I've checked similar questions and answers but even after setting the evaluation date in ql.settings I still get zero. Like another poster, I also have the QL cookbook and have read everything I could find, but still struggling. Thanks for any help!

import QuantLib as ql 
calc_date= ql.Date(21,ql.July,2023)

dayConvention = ql.Thirty360(ql.Thirty360.BondBasis)
calendar = ql.UnitedStates(ql.UnitedStates.NYSE)

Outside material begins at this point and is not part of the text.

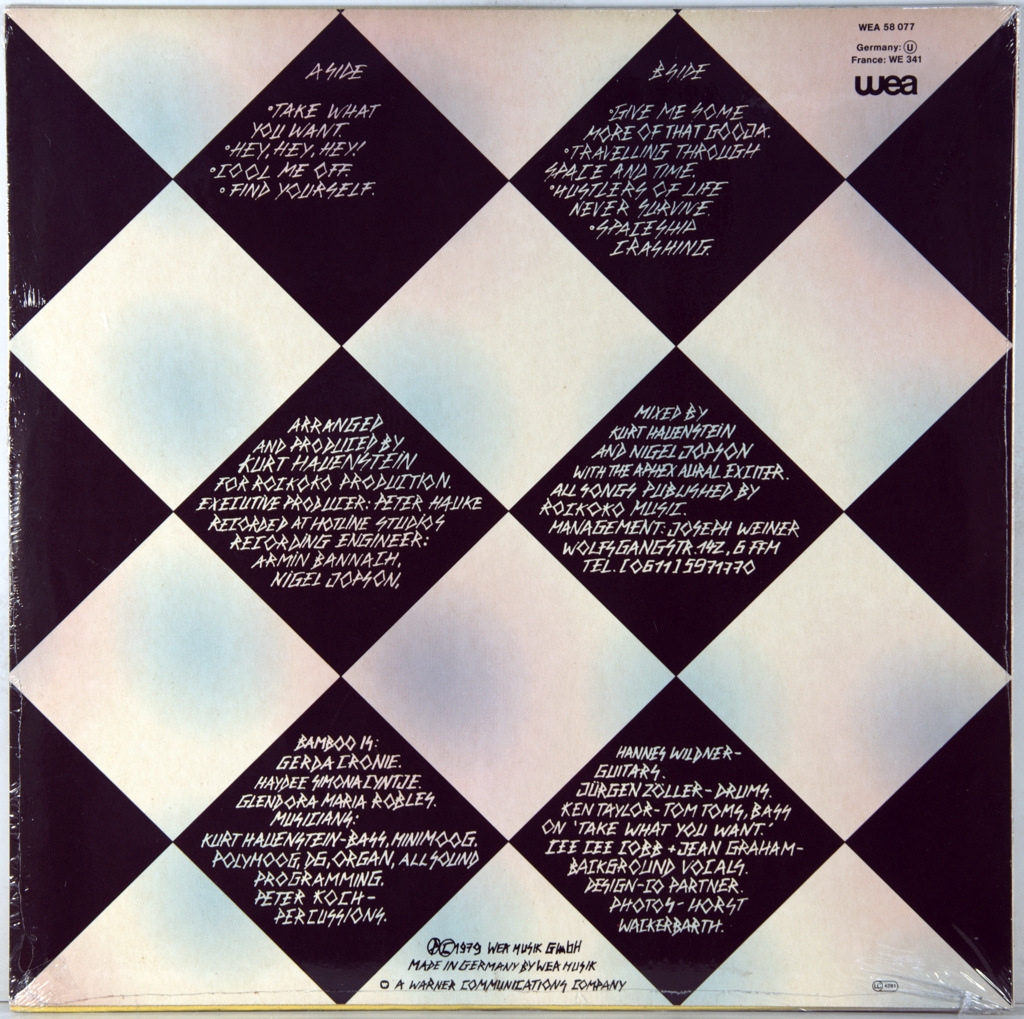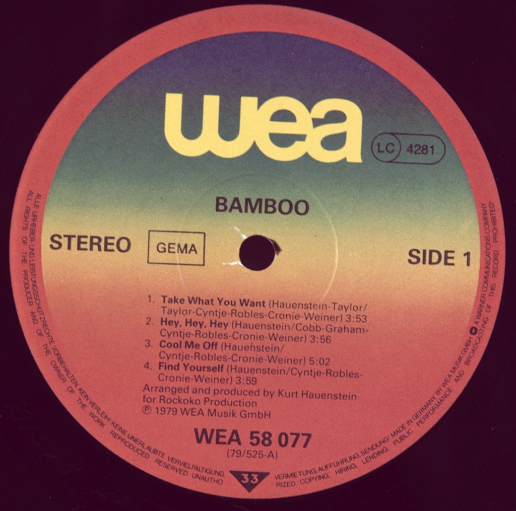 BAMBOO (SUPERMAX) -BAMBOO-1979-ПЕРВЫЙ ПРЕСС GERMANY-WEA-WEA58077. Мега редкий оригинал культового альбома проекта KURT HAUENSTEIN (SUPERMAX). «BAMBOO» – сайд-проект Курта Хауэнштайна - лидера и создателя группы "Supermax" и вокалисток из Суринама. В этом проекте Хауэнштайн отказался от мужского (собственного) вокала в пользу женского. Видна его концепция «сделать нечто поуниверсальней». Проект обустроен всецело по супермаксовым рецептам. Курт сочинил, аранжировал, да и сыграл в основном всё сам (бас, синтезаторы и прочие клавишные). Помимо трёх вокалисток ему помогают два перкуссиониста и ударник, плюс ещё двое значатся на подпевках. Результат – синтезаторный диско-фанк, однако музыкальная эстетика «идеологически» ближе к диско (в густо-синтезаторной его версии) с важным отличием от массового пошиба, ибо грув ударных поизысканней, бас, естественно, тоже не прост. Классический симбиоз диско с реггей также в наличии. В итоге: восемь вещей, а альбом идёт ровно и уверенно. Может быть «функциональной музыкой», как для танцевальных нужд, так и, как ни странно, для спокойного фонового звучания. Для вдумчивого прослушивания тоже сгодится – везде много интересного, в деталях и их сочетаниях.
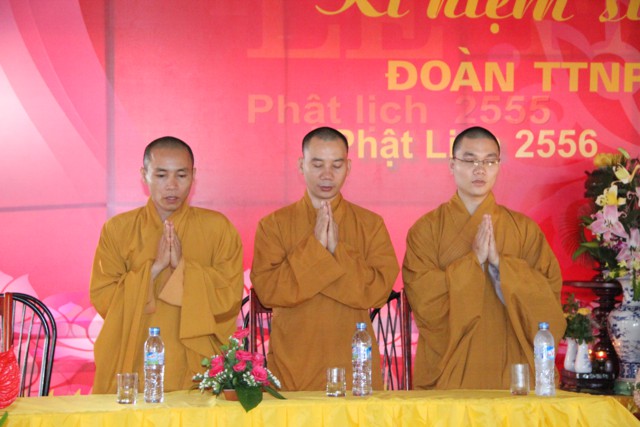 Chứng minh buổi lễ có TT. Thích Tâm Thuần- Ủy viên Ban Hoằng Pháp TW- Phó Ban Hoằng Pháp THPG Hà Nội – Trụ trì Thiền việc Sùng Phúc; TT Thích Thông Phương – Trụ trì Thiền viện Trúc lâm Yên Tử; chư Tôn đức Thiền việc Sùng Phúc,chư Tôn đức Tăng Ni TP. Hà Nội, các tỉnh Hưng Yên,Thanh Hóa, Vĩnh Phúc, Quảng Ninh….cùng đông đảo Thanh thiếu niên Phật tử Thủ đô CLB Thanh thiếu niên Phật tử Quán Sứ, Đoàn Thanh thiếu niên Phật tử chùa Thường Tín…

trade_date = ql.Date(20,ql.July,2023)
maturityDate = ql.Date(4,ql.August,2023)

spotDates = [ql.Date(20,ql.July,2023), ql.Date(4,ql.August,2023), ql.Date(4,ql.August,2024)]
spotRates = [0.01318, 00.01318,0.01318]

compounding = ql.Simple
compoundingFrequency = ql.Annual

spotCurve = ql.ZeroCurve(spotDates, spotRates, dayConvention, calendar, ql.Linear(), compounding, compoundingFrequency)

spotCurveHandle = ql.YieldTermStructureHandle(spotCurve)

index = ql.USDLibor(ql.Period('1W'), spotCurveHandle)
index.addFixing(ql.Date(18, ql.July, 2023),0.01318)
# index.addFixing(ql.Date(26, 6, 2020), 0.05)
notional = 54760000
rate = 1.37825/100

fra = ql.ForwardRateAgreement(trade_date, maturityDate, ql.Position.Long, rate, notional, index, spotCurveHandle)
print('NPV:', fra.NPV())

1 Answer 1


This is not an FX Forward but a Forward Rate Agreement (a rates product). I'm not sure if QuantLib has a FX Forward pricer but they do have one for FX swaps (see FXSwapRateHelper).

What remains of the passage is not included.